Gorva is based out of Canada, so if you want direct without the international shipping, you should be good to go through the Gorva site. https://gorvadesign.com/

Yeah the simple look really works!


----------



## Elktronics (Sep 29, 2020)

Did you have the rubber stamp made?


----------



## SYLV9ST9R (Sep 29, 2020)

Danbieranowski said:


> Gorva is based out of Canada, so if you want direct without the international shipping, you should be good to go through the Gorva site. https://gorvadesign.com/
> 
> Yeah the simple look really works!


Oh, I didn't realize that! Thanks for the heads up.


----------



## Danbieranowski (Sep 29, 2020)

Elktronics said:


> Did you have the rubber stamp made?



Yes, you can get cheap custom stamps made through www.rubberstamps.com. If you get the clear cling stamps you can actually see that they are lined up and such when you stamp them down. A 2"x2" acrylic block is $4, and a 2"x2" clear stamp is $6, so you have your custom stamp for $10 +shipping. If 2" is too big, which it was for me, I bought the acrylic block and a 1"x1" stamp and I just stuck the stamp to the side edge of the acrylic block so it would fit between the knobs and footswitch. You can upload your artwork right on their website when you make your order. Separately, you'll need Staz-On ink to stick to the metal enclosures, which you can get through Amazon or other vendors. Here's a link to that in black: https://www.amazon.com/Tsukineko-SZ000031-Full-Size-StazOn-Multi-Surface/dp/B0013L5SDY


----------



## Danbieranowski (Sep 29, 2020)

Oh, and I used a backwards 2n5089 in place of the BC550c in the Isosceles since I don't have any of those.


----------



## Nostradoomus (Sep 29, 2020)

Nice! Dig the stamping.

It’s nice when I want a Gorva box I get it the next day as I live close! Very handy haha


----------



## Danbieranowski (Sep 29, 2020)

Nostradoomus said:


> Nice! Dig the stamping.
> 
> It’s nice when I want a Gorva box I get it the next day as I live close! Very handy haha



Definitely jealous. Ken is the nicest guy ever, so I don't mind paying extra with the shipping and everything to support such a solid business.


----------



## dlazzarini (Sep 29, 2020)

Looks sweet


----------



## Jovi Bon Kenobi (Sep 30, 2020)

Awesome all around. Really appreciate the extra effort with the vids.
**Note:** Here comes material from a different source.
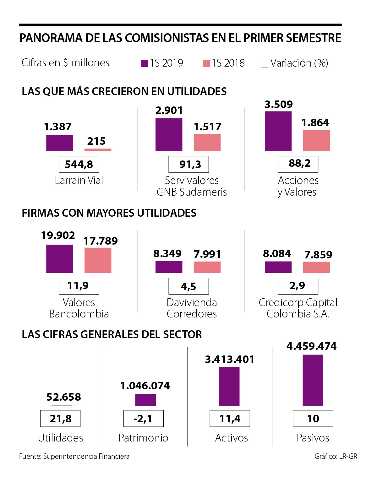 Durante el primer semestre las comisionistas que lograron mayores utilidades fueron: Valores Bancolombia con $19.902 millones (11,9% más frente al mismo periodo del año anterior), Davivienda Corredores, con $8.349 millones (4,5%) y Credicorp Capital Colombia, con $8.084 millones (2,9%).
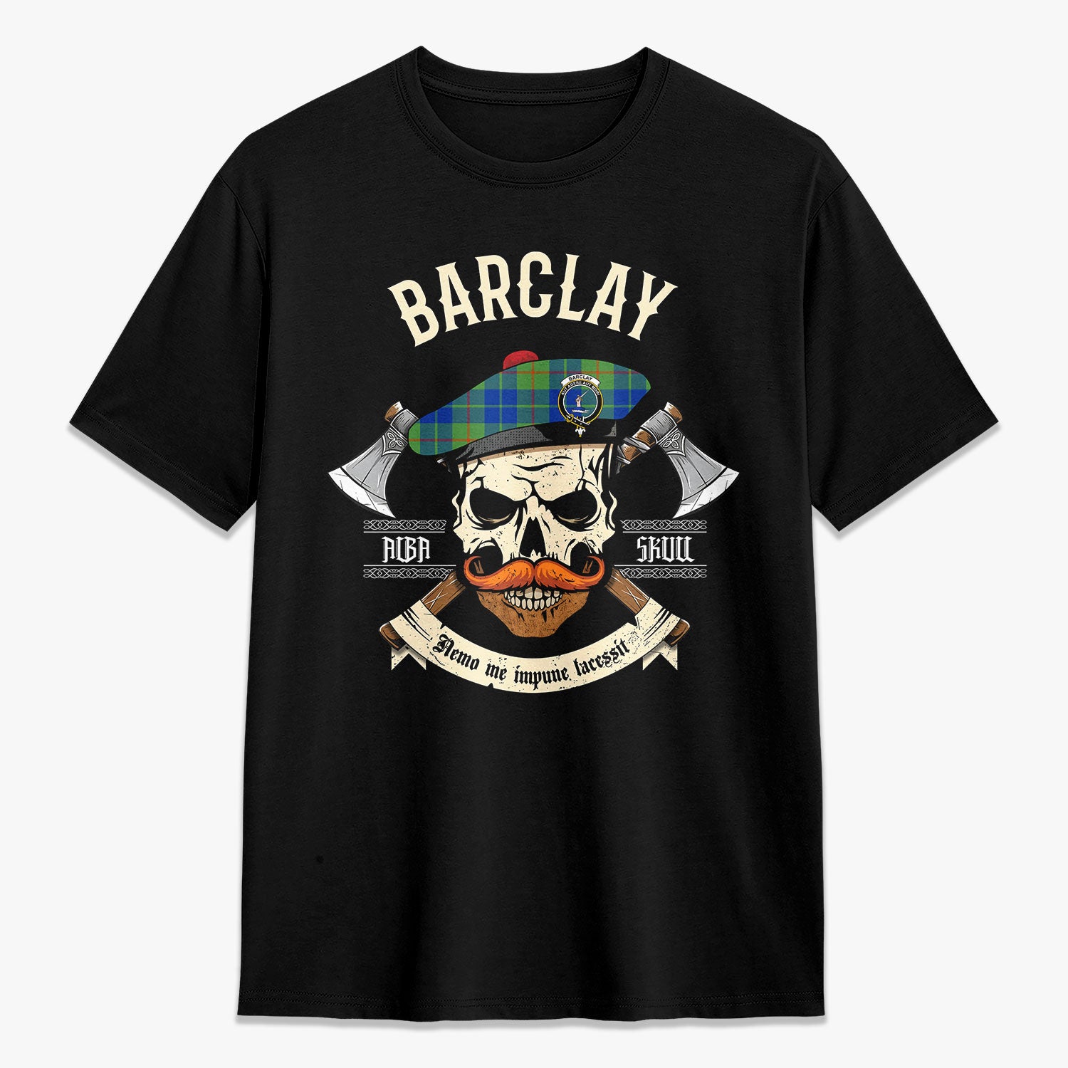 Barclay Hunting Ancient Tartan Crest 2D T-shirt - Alba Skull Style,

Subscribed ?


----------



## HamishR (Sep 30, 2020)

Isn't it great to build stuff for your own board?  There is nothing better (for me anyway) than to play gigs through my own amp and overdrives.


----------



## Danbieranowski (Sep 30, 2020)

HamishR said:


> Isn't it great to build stuff for your own board?  There is nothing better (for me anyway) than to play gigs through my own amp and overdrives.


I have yet to attempt my own amp but its definitely on the bucket list. Would love to do a sort of hot rodded JCM 800 or plexi to smash these pedals into.


----------



## Mourguitars (Oct 3, 2020)

They look and sounds awesome Dan, are you playing thru your Kemper ?

Mike


----------



## Gordo (Oct 3, 2020)

Thanks for the info on the stamps.  Great idea and looks pretty slick


----------



## Danbieranowski (Oct 4, 2020)

Mourguitars said:


> They look and sounds awesome Dan, are you playing thru your Kemper ?
> 
> Mike


Yeah that was through a SinMix Diezel VH4 profile with the gain rolled back a bit.


----------



## Chuck D. Bones (Oct 5, 2020)

GOOD LORD!  I think you broke my speakers!


----------